We've been fixated on coding as a solution to the digital skills crisis, but digital media literacy is about much more than coding. In cyber you need flexible, stochastic approaches with familiarity across a much wider range of digital technology. I've met too many compsci specialists who are sidelined by simple technical issues to believe that this is the epitome of digital literacy. I also heard the dreaded term 'digital native' during some of these talks, but I'm not going to get into that nonsense again here. 

RICET panels talked about the usual worries around the lack of talent, though like everyone else they spent much of the time on bandaid solutions like adult retraining instead of looking at strategic fixes like implementing nationwide cyber skills talent discovery and development in public schools that would not only address the user negligence problem, but would also resolve our cyber-professional shortage.

We'll never resolve this global digital skilling failure with stop gap solutions. We need both short term and long term strategies, but like the funding for seemingly obvious things like network security and data backups, getting anyone to finance the future is a struggle.

Watching these earnest cyber developers working on shoestring budgets trying to make this work while Canadians literally watch drinkable water go down the toilet has me wondering why we face so many of the same challenges they do. On my way back home I messaged a colleague in cyber education and lamented the fact that cyber expertise in Canada seems to be more about marketing than it does cybersecurity. I summarized the problem with genuine cyber-education in simple terms: there's no money in it.  That observation extends to cyber in general. One of the reasons for the high burnout rate is asking the few people who know what they're doing to do it without the necessary resources.

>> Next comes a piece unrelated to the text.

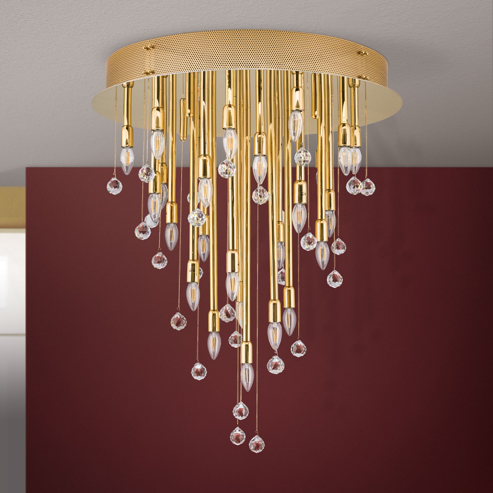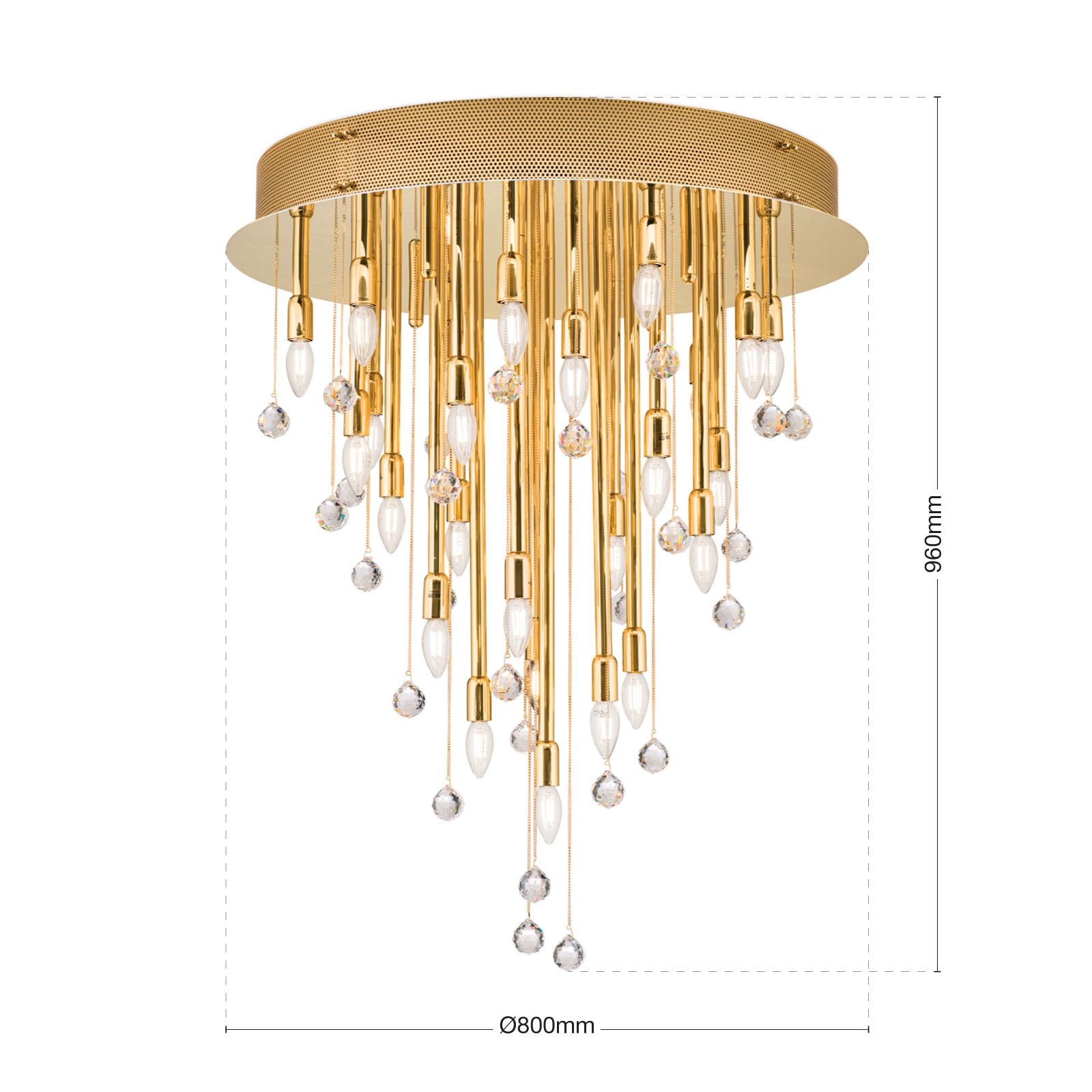Ponořte se do světa sofistikovanosti a luxusu se stropním lustrem GALAXY. Tento působivý lustr s 19 žárovkami E14 září v půvabné zlatavé záři a vyznačuje se jedinečným designem kosmického věku. S velkorysým průměrem 80 cm propůjčí lustr GALAXY každé místnosti téměř magickou přítomnost.

I enjoyed learning about the regional challenges being faced in the Caribbean, but what always surprises me about these glimpses into international cybersecurity is just how similar the problems we all face are. In a discipline where the bad guys only have to get it right once but the defenders have to get it right every time, the only hope for cybersecurity professionals is to develop connections, build international cyber-diplomacy and work together. Circling the wagons and sharing intelligence, tools and best practices is the only advantage we have against the cyber pirates (see what I did there?) that surround us.  This event was a prime example of that kind of networking. I hope to be a part of future ones and not the only Canadian talking.

Winging out of Santo Domingo at sunrise on Delta's A320 Airbus. What a beautiful country. Wish I'd had the opportunity to see more of it...

The Bermuda Triangle on a sunny Friday morning in October.